ClickHouse MemoryTracking vs MemoryResident: reading the memory gap correctly
You finish a large batch query, open monitoring, and see ClickHouse MemoryTracking drop by 40 GB while MemoryResident barely moves. Or you watch RSS climb for hours after a restart while MemoryTracking tracks the rise steadily. Neither pattern indicates a leak. The gap between ClickHouse’s internal ledger and OS resident set size is normal: the server accounts for memory synchronously while jemalloc retains pages for reuse.
This article explains the mechanism behind the divergence, when the gap is expected, and which metric to trust for which operational decision.
What it is and why it matters
MemoryTracking lives in system.metrics. It is the sum of all allocations passing through ClickHouse’s hierarchical MemoryTracker: server-level totals, per-user aggregates, and per-query working sets. Every GROUP BY hash table, JOIN buffer, mark cache entry, merge scratch buffer, and decompression block that ClickHouse explicitly manages is added and subtracted synchronously on alloc and free.
MemoryResident lives in system.asynchronous_metrics. It is the RSS of the clickhouse-server process sampled in the background. This is what the Linux OOM killer watches and what container runtimes enforce. Because it includes allocator-retained pages, memory-mapped files, and library overhead that ClickHouse never tracks, it is always equal to or larger than the internally accounted figure.
The two metrics serve different operational purposes. MemoryTracking tells you which query or subsystem is consuming space and whether a single operation is about to hit a per-query or server-wide limit. MemoryResident tells you whether the process is about to be killed by the kernel. Treating MemoryTracking as the single source of truth routinely underestimates true footprint. Treating a post-query RSS plateau as a leak wastes hours profiling a healthy allocator.
How it works
ClickHouse maintains a tree of MemoryTracker objects. When a query executes, its allocator calls track(alloc) and track(free) against the query’s node, which rolls up to the user and server totals. This gives precise attribution: system.processes.memory_usage shows the current allocation, and system.processes.peak_memory_usage shows the high-water mark.
However, ClickHouse does not return freed pages to the operating system immediately. The server uses jemalloc, which holds deallocated memory in thread-local caches and dirty-page bins for reuse. When a query frees 30 GB of hash tables, those pages are deducted from MemoryTracking immediately because the tracker records the logical free.

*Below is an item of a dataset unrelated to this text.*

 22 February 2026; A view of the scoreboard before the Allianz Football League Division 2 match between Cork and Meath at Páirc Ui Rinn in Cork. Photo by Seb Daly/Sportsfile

The pages remain in the process resident set, available for the next allocation. This is the primary driver of the gap after large queries finish.
jemalloc organizes memory into arenas and size classes. Freed large allocations often sit in dirty or muzzy states until the allocator triggers a background purge or the process faces memory pressure. You may observe RSS drop suddenly during a system-level memory shortage even though ClickHouse workload and MemoryTracking remain unchanged.

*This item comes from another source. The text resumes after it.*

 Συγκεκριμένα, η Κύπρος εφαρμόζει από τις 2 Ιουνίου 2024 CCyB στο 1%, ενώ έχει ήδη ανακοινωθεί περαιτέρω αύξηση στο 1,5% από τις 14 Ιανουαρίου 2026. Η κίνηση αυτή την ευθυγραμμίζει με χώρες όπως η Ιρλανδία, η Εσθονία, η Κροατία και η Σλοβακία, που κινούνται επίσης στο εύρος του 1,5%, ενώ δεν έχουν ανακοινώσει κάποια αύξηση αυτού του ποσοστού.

Untracked allocations widen the divergence further. Memory-mapped files, certain third-party library buffers, and jemalloc’s own metadata sit outside the tracked hierarchy. The approximate relationship is:
MemoryResident = MemoryTracking + jemalloc retained/dirty pages + untracked allocations
This is why RSS can exceed MemoryTracking by a wide margin on a warm node, and why the delta can spike right after a query ends even though no new memory was allocated.

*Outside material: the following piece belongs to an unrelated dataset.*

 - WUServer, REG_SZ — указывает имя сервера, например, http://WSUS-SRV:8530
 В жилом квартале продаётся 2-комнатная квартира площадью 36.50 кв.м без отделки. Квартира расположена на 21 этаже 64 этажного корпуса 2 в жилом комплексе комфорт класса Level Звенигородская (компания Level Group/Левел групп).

The server-level MemoryTracker enforces max_server_memory_usage. When the sum of tracked allocations approaches this limit, new queries may receive MEMORY_LIMIT_EXCEEDED errors even if the OS reports available RAM. ClickHouse prefers to fail queries rather than invite the OOM killer. The gap between tracked and resident memory determines how much headroom actually exists before the kernel intervenes.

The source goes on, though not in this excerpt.